For Bash workflows, update the relevant profile env.sh:

DATADIR=/path/to/my-center-resources
DBDIR=$DATADIR/Databases
NGSUTILS=$DATADIR/NGSutils

For Snakemake workflows, update the relevant config.yaml:

datadir: /path/to/my-center-resources

The run provenance records the selected resource key and fingerprint. Workflow logs record the concrete executable and reference paths used during execution.

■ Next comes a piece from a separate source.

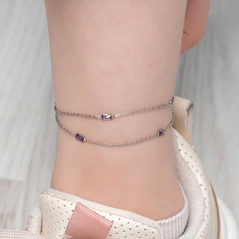 Silver Double Chain Square Lilac Stone AnkletAlthough women are usually thought of when jewelry is mentioned, it has influenced both men and women throughout history. Jewelry, worn by women to appear more elegant and attractive and by men for style, not only represents social status, personality, beliefs, and identity, but also has various functions. In Anatolia, women working in vineyards, gardens, and fields could easily find their young children's locations thanks to the sound made by anklets they wore on their feet. Anklets were also used to deter poisonous animals such as snakes and scorpions from approaching thanks to the sound they made. Today, they are worn by women who want to look elegant and stylish. Don't deprive your wrists of this elegance and visit our anklet section to choose your favorite model. The double chain square lilac stone anklet is made of 925 sterling silver. The silver is rhodium plated. Rhodium-plated women's anklets preserve their shine for a long time, transforming the silver color to rhodium and delaying oxidation. All of our products are handmade. Due to silver and precious stones, there may be a ±10% deviation in product weight.Anklet Zircon Stone Width: 0.30 cmAnklet Zircon Stone Length: 0.50 cmAnklet Chain Length: 27 cmAverage Weight: 2.80 gr.
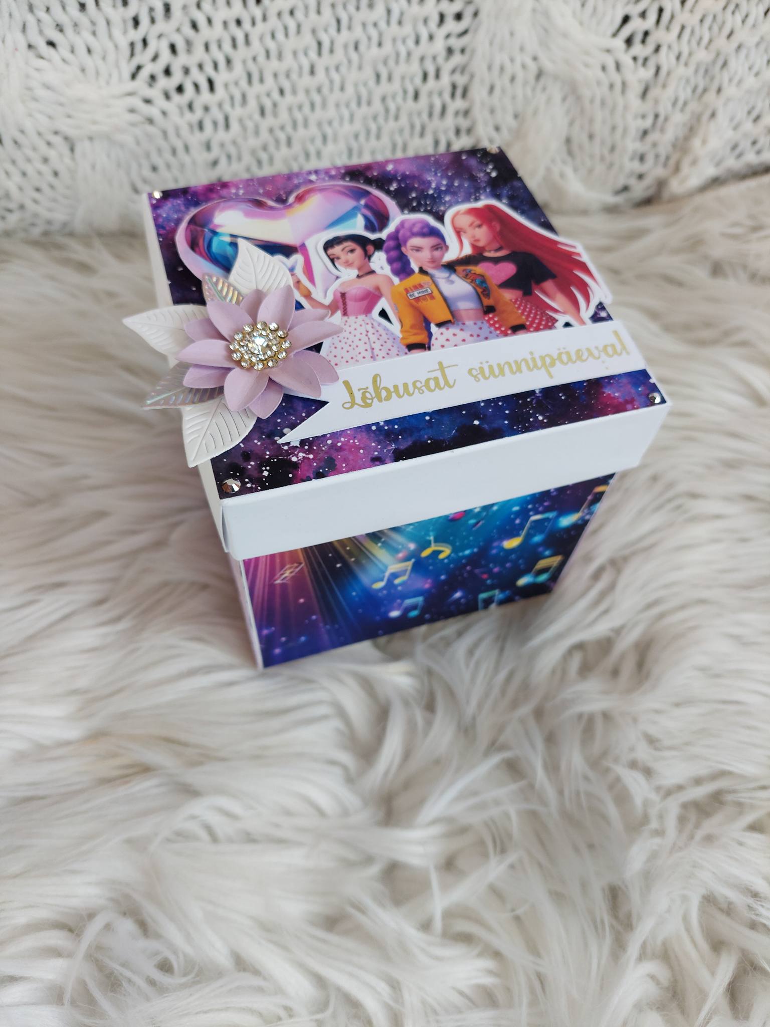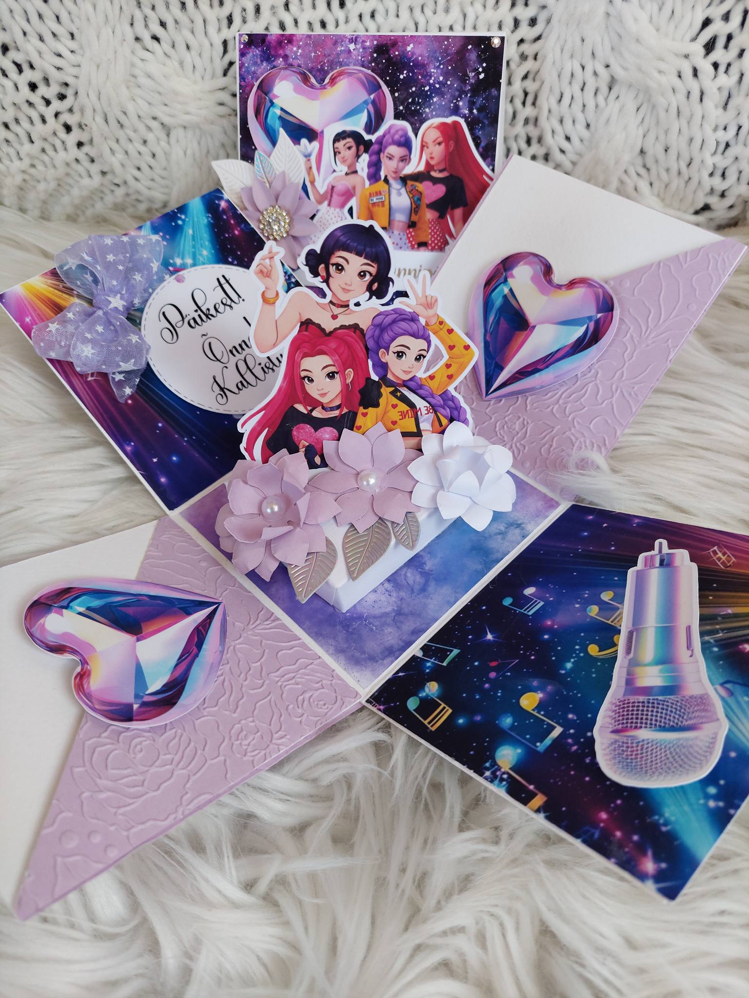 Huntrix-teemaline karp-kaart on vahva ja pilkupüüdev üllatus, mis rõõmustab sünnipäevalast. Kaart avaneb nagu karp ning selle nutikas ülesehitus pakub ruumi nii luulele kui ka isiklikule õnnitlusele.

4. Validate the Bundle Entry

Validate the whole catalog:

bin/cbicall validate-resources

Validate one non-default bundle entry:

bin/cbicall validate-resources --bundle my-center-germline-v1

Validate a bundle from a custom catalog file:

bin/cbicall validate-resources \
--catalog /path/to/cbicall-resource-catalog.json \
--bundle my-center-germline-v1

This checks that the catalog entry is well formed and that its compatible_workflows keys exist in the workflow registry.

5. Validate One Real Run

Resource catalog validation does not know which profile or runtime directory a user will select. Use validate-param with a concrete parameters file to validate the selected workflow and bundle together:

pipeline: wes
mode: single
workflow_engine: bash
gatk_version: gatk-4.6
resource: my-center-germline-v1
genome: b37
input_dir: SAMPLE01

Then run:

bin/cbicall validate-param -p my-center-wes.yaml

validate-param resolves the workflow implementation, checks that the selected resource is compatible with it, resolves the backend resource location, and verifies installed bundle metadata when cbicall-resource-id.json or cbicall-resource-installation.json is present in DATADIR.

Contributor Checklist

  • Choose a resource key that users can place in resource.
  • Add the bundle entry to resources/cbicall-resource-catalog.json.
  • Declare compatible workflow implementation keys.
  • Add archive and identifier checksums for CBIcall-provided downloads.
  • Keep backend-specific paths in env.sh or Snakemake config.yaml.
  • Run bin/cbicall validate-resources --bundle <resource-key>.
  • Run bin/cbicall validate-param -p <parameters.yaml> with that resource selected.